DIRECTIONS
In the data that follows, find the line with "Jumpsuit keying Colorful"; transcribe it, every later line up to the one with "这之后,宋海峰加入了助盲团,每周三和周六", and that line as well, exactly and with no others.

DATA SECTION
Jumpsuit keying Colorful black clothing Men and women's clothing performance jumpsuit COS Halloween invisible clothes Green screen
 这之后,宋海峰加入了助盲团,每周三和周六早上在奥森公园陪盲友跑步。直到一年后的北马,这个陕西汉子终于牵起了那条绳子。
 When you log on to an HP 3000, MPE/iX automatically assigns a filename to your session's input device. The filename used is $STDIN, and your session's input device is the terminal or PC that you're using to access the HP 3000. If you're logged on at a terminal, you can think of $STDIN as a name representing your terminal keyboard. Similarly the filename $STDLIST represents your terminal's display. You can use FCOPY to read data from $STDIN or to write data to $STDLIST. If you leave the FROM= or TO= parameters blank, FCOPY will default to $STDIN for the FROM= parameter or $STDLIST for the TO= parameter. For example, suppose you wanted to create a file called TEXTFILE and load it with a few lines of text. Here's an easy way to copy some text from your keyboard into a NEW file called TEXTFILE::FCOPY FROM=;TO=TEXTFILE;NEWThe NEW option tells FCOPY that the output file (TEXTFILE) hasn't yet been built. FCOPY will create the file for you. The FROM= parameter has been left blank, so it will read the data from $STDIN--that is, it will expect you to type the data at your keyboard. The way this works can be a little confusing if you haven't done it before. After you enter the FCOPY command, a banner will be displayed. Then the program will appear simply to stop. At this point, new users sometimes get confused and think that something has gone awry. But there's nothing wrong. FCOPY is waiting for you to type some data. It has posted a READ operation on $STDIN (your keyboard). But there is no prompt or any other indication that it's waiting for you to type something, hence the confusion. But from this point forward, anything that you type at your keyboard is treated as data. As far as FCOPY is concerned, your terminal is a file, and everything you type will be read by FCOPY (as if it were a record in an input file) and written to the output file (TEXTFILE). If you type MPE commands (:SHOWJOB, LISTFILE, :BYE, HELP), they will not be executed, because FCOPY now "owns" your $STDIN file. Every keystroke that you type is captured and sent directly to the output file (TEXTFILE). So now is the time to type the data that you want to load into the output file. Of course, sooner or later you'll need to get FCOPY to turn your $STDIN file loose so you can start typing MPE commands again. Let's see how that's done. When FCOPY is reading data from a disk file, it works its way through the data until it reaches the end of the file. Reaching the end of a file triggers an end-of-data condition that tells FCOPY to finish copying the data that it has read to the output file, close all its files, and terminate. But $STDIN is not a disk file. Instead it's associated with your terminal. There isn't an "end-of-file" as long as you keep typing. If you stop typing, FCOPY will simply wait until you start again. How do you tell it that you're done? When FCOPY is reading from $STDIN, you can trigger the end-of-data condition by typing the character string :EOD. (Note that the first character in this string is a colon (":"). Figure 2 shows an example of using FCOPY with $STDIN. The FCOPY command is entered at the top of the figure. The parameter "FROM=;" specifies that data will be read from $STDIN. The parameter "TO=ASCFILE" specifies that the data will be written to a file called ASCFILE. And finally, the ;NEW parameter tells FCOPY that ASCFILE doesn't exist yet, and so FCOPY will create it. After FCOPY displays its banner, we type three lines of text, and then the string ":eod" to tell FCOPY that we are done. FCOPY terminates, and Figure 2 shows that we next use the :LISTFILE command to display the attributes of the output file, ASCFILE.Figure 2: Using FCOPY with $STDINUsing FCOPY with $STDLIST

==

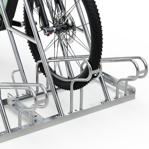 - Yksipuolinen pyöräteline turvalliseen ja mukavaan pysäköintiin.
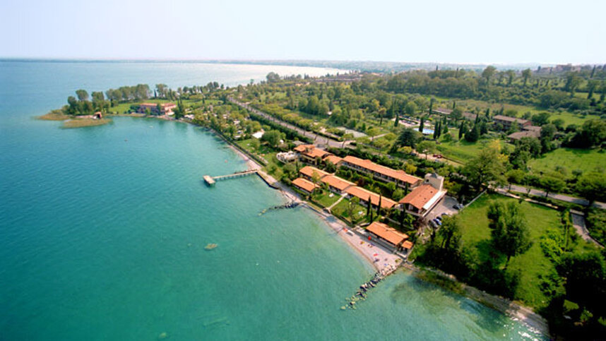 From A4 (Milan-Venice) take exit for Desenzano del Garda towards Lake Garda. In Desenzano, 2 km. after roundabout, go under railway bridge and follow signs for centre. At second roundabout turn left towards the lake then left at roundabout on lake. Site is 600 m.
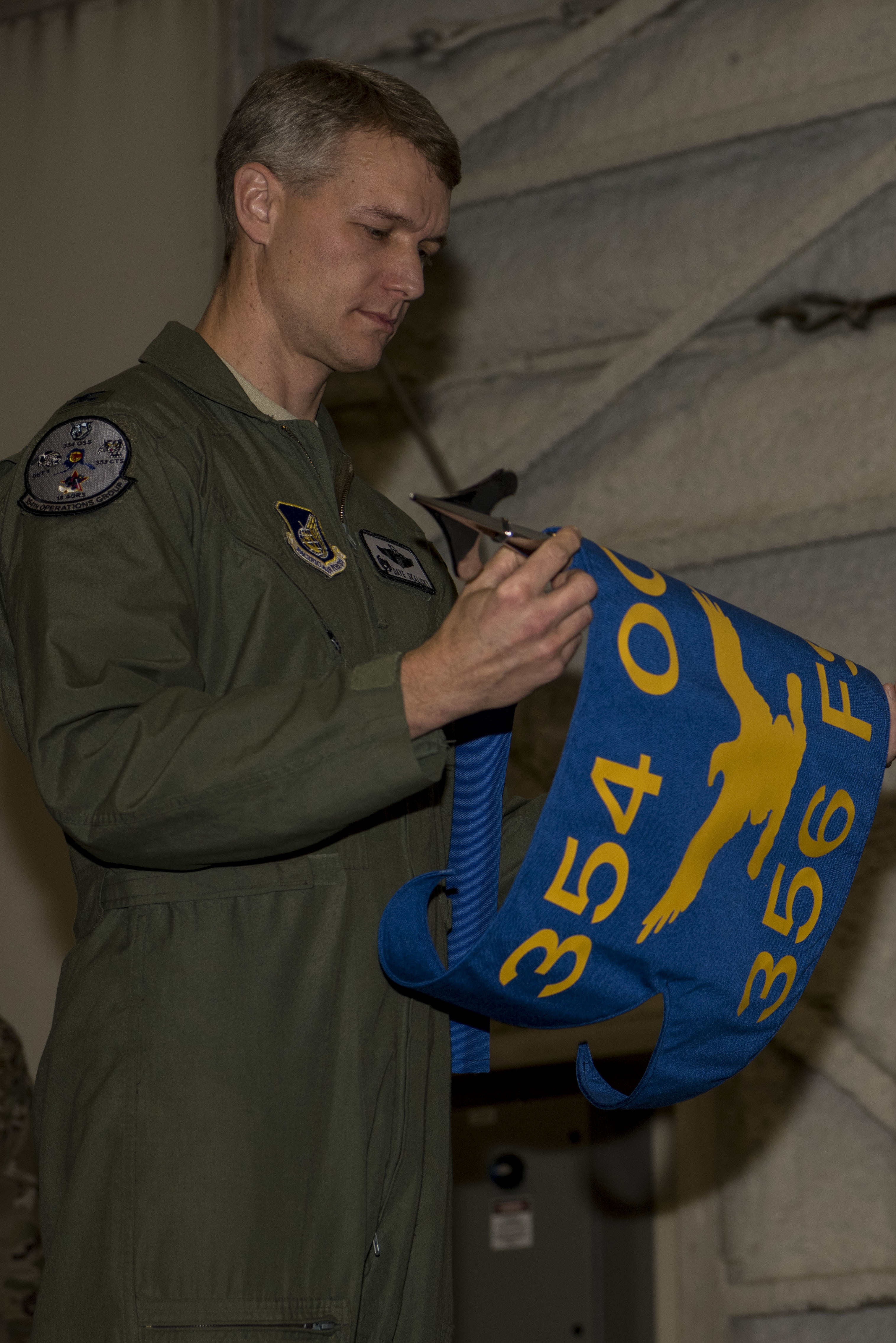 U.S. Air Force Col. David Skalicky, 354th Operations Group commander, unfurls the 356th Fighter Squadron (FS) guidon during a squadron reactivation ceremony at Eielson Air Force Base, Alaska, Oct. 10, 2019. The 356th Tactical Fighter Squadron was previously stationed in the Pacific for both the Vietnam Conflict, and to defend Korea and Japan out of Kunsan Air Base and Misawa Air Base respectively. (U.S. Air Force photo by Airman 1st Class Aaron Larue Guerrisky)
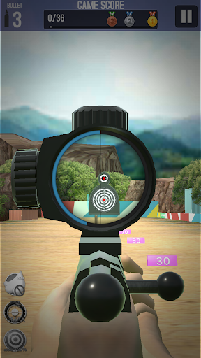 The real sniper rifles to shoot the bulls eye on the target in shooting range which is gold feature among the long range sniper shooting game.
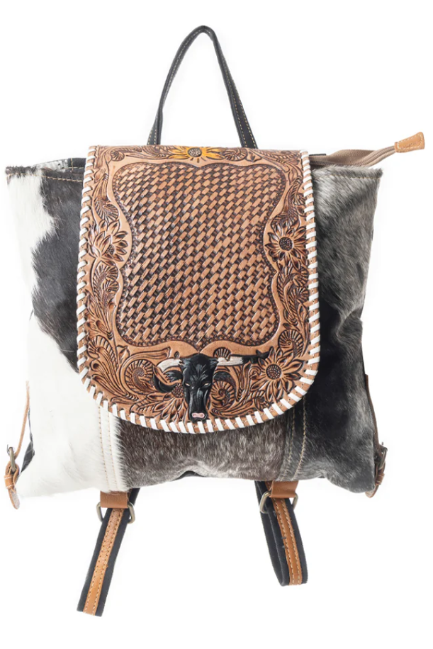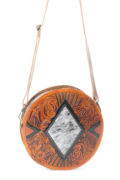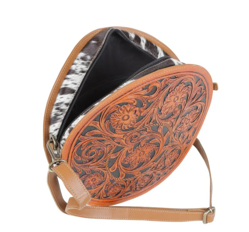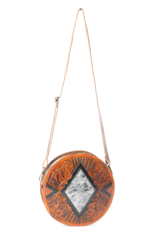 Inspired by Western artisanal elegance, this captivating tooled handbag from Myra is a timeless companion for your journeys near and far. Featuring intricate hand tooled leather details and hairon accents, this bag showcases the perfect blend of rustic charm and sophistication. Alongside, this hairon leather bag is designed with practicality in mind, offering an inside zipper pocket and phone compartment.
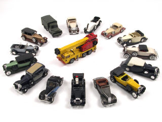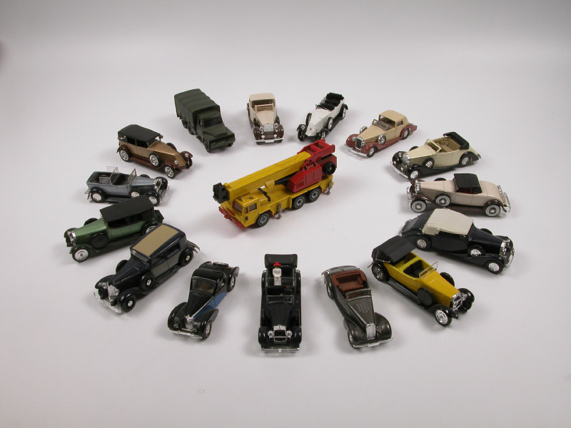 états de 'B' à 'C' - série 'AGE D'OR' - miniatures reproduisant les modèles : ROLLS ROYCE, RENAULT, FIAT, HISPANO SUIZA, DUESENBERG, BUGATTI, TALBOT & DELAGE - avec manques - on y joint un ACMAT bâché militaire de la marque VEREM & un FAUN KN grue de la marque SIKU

--

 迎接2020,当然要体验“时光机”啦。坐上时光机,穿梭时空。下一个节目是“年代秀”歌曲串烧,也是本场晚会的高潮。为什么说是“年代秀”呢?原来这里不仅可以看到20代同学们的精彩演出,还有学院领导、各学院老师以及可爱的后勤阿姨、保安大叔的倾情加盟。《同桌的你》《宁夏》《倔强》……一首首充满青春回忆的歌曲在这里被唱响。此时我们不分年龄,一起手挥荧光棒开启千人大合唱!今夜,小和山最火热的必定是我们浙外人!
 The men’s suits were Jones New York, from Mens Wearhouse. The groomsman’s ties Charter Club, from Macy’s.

TASK RESPONSE
Jumpsuit keying Colorful black clothing Men and women's clothing performance jumpsuit COS Halloween invisible clothes Green screen
 这之后,宋海峰加入了助盲团,每周三和周六早上在奥森公园陪盲友跑步。直到一年后的北马,这个陕西汉子终于牵起了那条绳子。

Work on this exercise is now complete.